[Provided information]

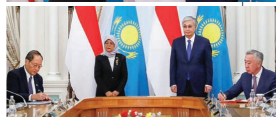
The President witnessed the signing of several agreements and MOUs, including the Agreement of Trade in Services and Investment under the framework of the Eurasian Economic Union-Singapore Free Trade Agreement which will further strengthen economic ties.
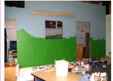
New Preschool Wall Mural Created by Lana Dowell
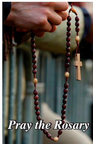
Pray the Rosary

The parish website is www.stpatrickcolumbus.org .
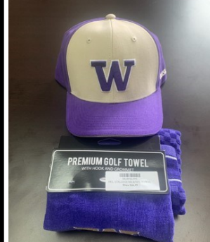
Show your purple pride with a UW Husky hat, premium golf towel and a bottle of wine.
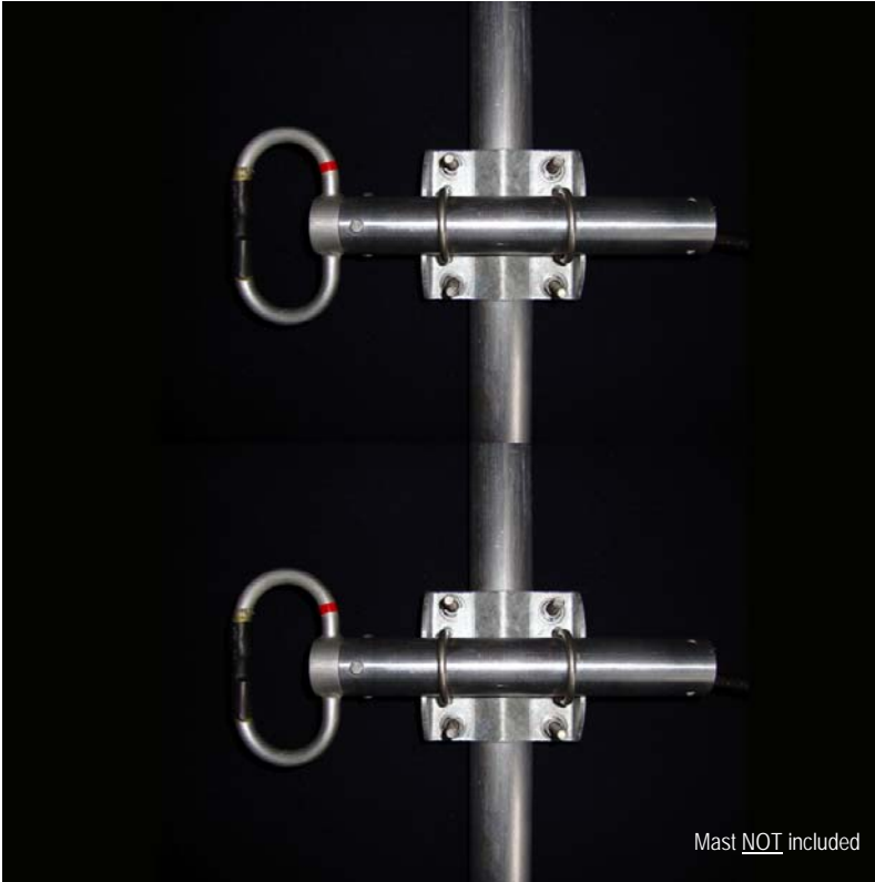
Mast NOT included
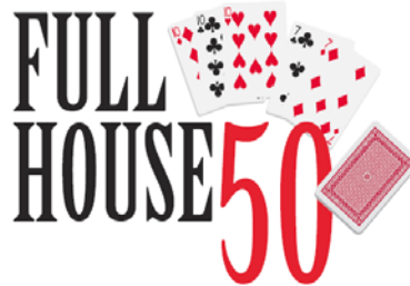
Table of Contents (by section)
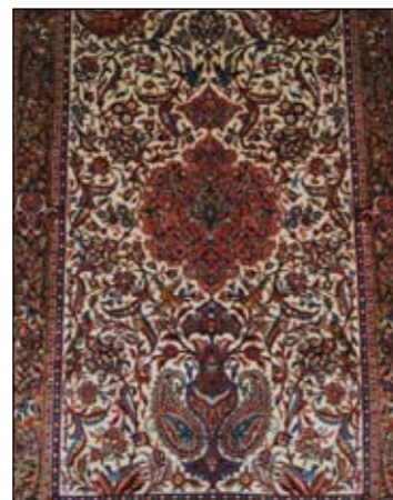
16. Fine Sarukh Wool on cotton base, 130 x 203cm RM18,000 BEST BUY RM5,400

[/Provided information]

Task prompt: Leave out the pictures and retype every line above exactly.

Result of the task:
The President witnessed the signing of several agreements and MOUs, including the Agreement of Trade in Services and Investment under the framework of the Eurasian Economic Union-Singapore Free Trade Agreement which will further strengthen economic ties.
New Preschool Wall Mural Created by Lana Dowell
Pray the Rosary

The parish website is www.stpatrickcolumbus.org .
Show your purple pride with a UW Husky hat, premium golf towel and a bottle of wine.
Mast NOT included
Table of Contents (by section)
16. Fine Sarukh Wool on cotton base, 130 x 203cm RM18,000 BEST BUY RM5,400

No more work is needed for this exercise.